» Data for the task:
• • • • • • •
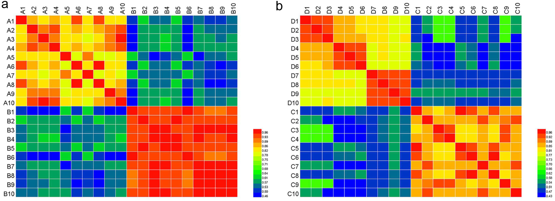 Based on these findings, SA was further performed using the contents of the eleven important peaks as input data. Results of SA are shown in Fig. 6, a low correlation coefficient (blue module) indicates a poor similarity between the samples, and a value of the correlation coefficient approaching 1.0 (red module) represents a perfect similarity of the samples. It is easy to see that the similarity value between different species in samples was obviously different. The correlation coefficients between PTR and PLR are ranged from 0.462 to 0.635, and it is ranged from 0.430 to 0.698 between PLF and PTF. In Puerariae Radix, the similarity value between A10 and B6 was the lowest (0.462), compared to other different samples. Similarly, the correlations between C4 and D4 were lower than those of other Puerariae Flos samples.
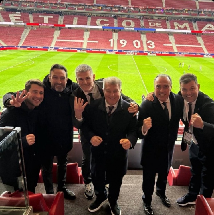 包括主席拉波爾塔在內的一眾高層賽后在現場合影留念慶祝,多人手中還比出了“4”的手勢。
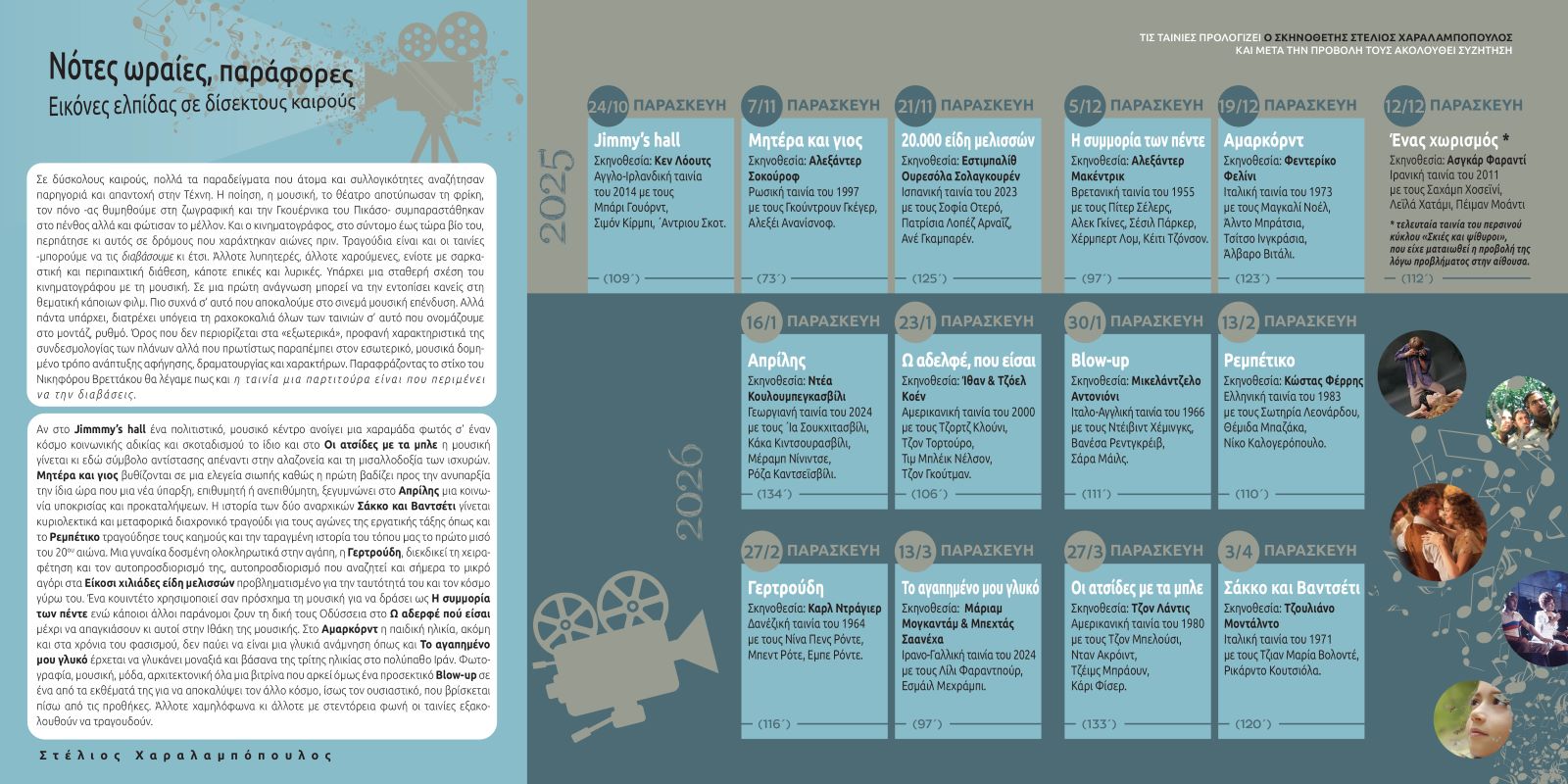 Για τη νέα σεζόν, οι 13 εμβληματικές ταινίες, επιλεγμένες από τον σκηνοθέτη Στέλιο Χαραλαμπόπουλο, αντιπροσωπεύουν την 7η τέχνη διαχρονικά και σε παγκόσμιο επίπεδο. Η θεματική ενότητα που συνθέτουν, με τίτλο «Νότες ωραίες, παράφορες… Εικόνες ελπίδας σε δίσεκτους καιρούς», αναδεικνύει τη διαχρονική σχέση κινηματογράφου – μουσικής, τη μουσικότητα ως δομικό στοιχείο των έργων, αλλά και τις διεξόδους που παρέχει η μουσική όταν όλα φαίνονται μάταια…
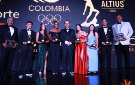 Por: Oficina Asesora de Comunicaciones-I.D.R.D. (El IDRD y el Equipo Bogotá, ganadores en los Premios Altius. Aparecen (izquierda a derecha)...
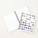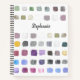 This sketchbook is decorated with a watercolor pattern of color samples in soft muted shades.
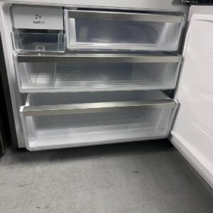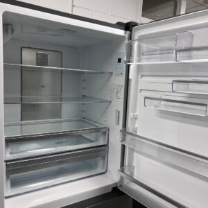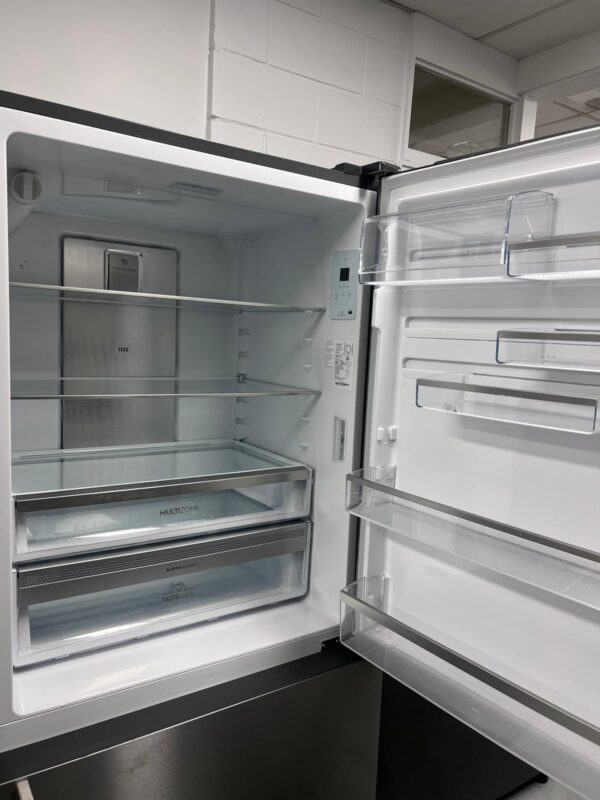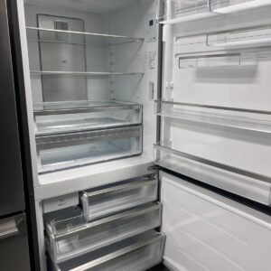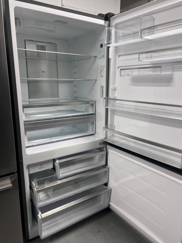 Features: Bottom mount frost-free design, R600a refrigerant, electronic internal touch controls with display, fast ice function, boost mode, fridge and freezer door alarms, deli compartment with telescopic runner, 1 full-width compartment, 1 deep bottle bin, 1 shallow bin
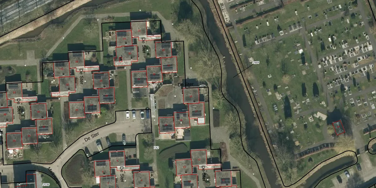 Het perceel waarop De Ster 18 staat heeft een oppervlakte van 8798 m². Dit is een zeer groot perceel. De perceeloppervlakte wordt geregistreerd door het Kadaster. Gedetailleerde informatie over de maten van dit perceel kunt u vinden in het rapport Kadastrale kaart met maatvoering van De Ster 18.
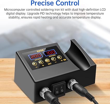 Hassas Kontrol: Çift yüksek çözünürlüklü LCD dijital ekrana sahip, mikrobilgisayar kontrollü havya kiti. Yükseltme PID teknolojisi, sıcaklık stabilitesinin iyileştirilmesine yardımcı olur, hızlı ısıtma ve doğru sıcaklık gösterimi sağlar.
• • • • • • •
Write out the material exactly as it stands, omitting every picture.

» Task solution:
 Based on these findings, SA was further performed using the contents of the eleven important peaks as input data. Results of SA are shown in Fig. 6, a low correlation coefficient (blue module) indicates a poor similarity between the samples, and a value of the correlation coefficient approaching 1.0 (red module) represents a perfect similarity of the samples. It is easy to see that the similarity value between different species in samples was obviously different. The correlation coefficients between PTR and PLR are ranged from 0.462 to 0.635, and it is ranged from 0.430 to 0.698 between PLF and PTF. In Puerariae Radix, the similarity value between A10 and B6 was the lowest (0.462), compared to other different samples. Similarly, the correlations between C4 and D4 were lower than those of other Puerariae Flos samples.
 包括主席拉波爾塔在內的一眾高層賽后在現場合影留念慶祝,多人手中還比出了“4”的手勢。
 Για τη νέα σεζόν, οι 13 εμβληματικές ταινίες, επιλεγμένες από τον σκηνοθέτη Στέλιο Χαραλαμπόπουλο, αντιπροσωπεύουν την 7η τέχνη διαχρονικά και σε παγκόσμιο επίπεδο. Η θεματική ενότητα που συνθέτουν, με τίτλο «Νότες ωραίες, παράφορες… Εικόνες ελπίδας σε δίσεκτους καιρούς», αναδεικνύει τη διαχρονική σχέση κινηματογράφου – μουσικής, τη μουσικότητα ως δομικό στοιχείο των έργων, αλλά και τις διεξόδους που παρέχει η μουσική όταν όλα φαίνονται μάταια…
 Por: Oficina Asesora de Comunicaciones-I.D.R.D. (El IDRD y el Equipo Bogotá, ganadores en los Premios Altius. Aparecen (izquierda a derecha)...
 This sketchbook is decorated with a watercolor pattern of color samples in soft muted shades.
 Features: Bottom mount frost-free design, R600a refrigerant, electronic internal touch controls with display, fast ice function, boost mode, fridge and freezer door alarms, deli compartment with telescopic runner, 1 full-width compartment, 1 deep bottle bin, 1 shallow bin
 Het perceel waarop De Ster 18 staat heeft een oppervlakte van 8798 m². Dit is een zeer groot perceel. De perceeloppervlakte wordt geregistreerd door het Kadaster. Gedetailleerde informatie over de maten van dit perceel kunt u vinden in het rapport Kadastrale kaart met maatvoering van De Ster 18.
 Hassas Kontrol: Çift yüksek çözünürlüklü LCD dijital ekrana sahip, mikrobilgisayar kontrollü havya kiti. Yükseltme PID teknolojisi, sıcaklık stabilitesinin iyileştirilmesine yardımcı olur, hızlı ısıtma ve doğru sıcaklık gösterimi sağlar.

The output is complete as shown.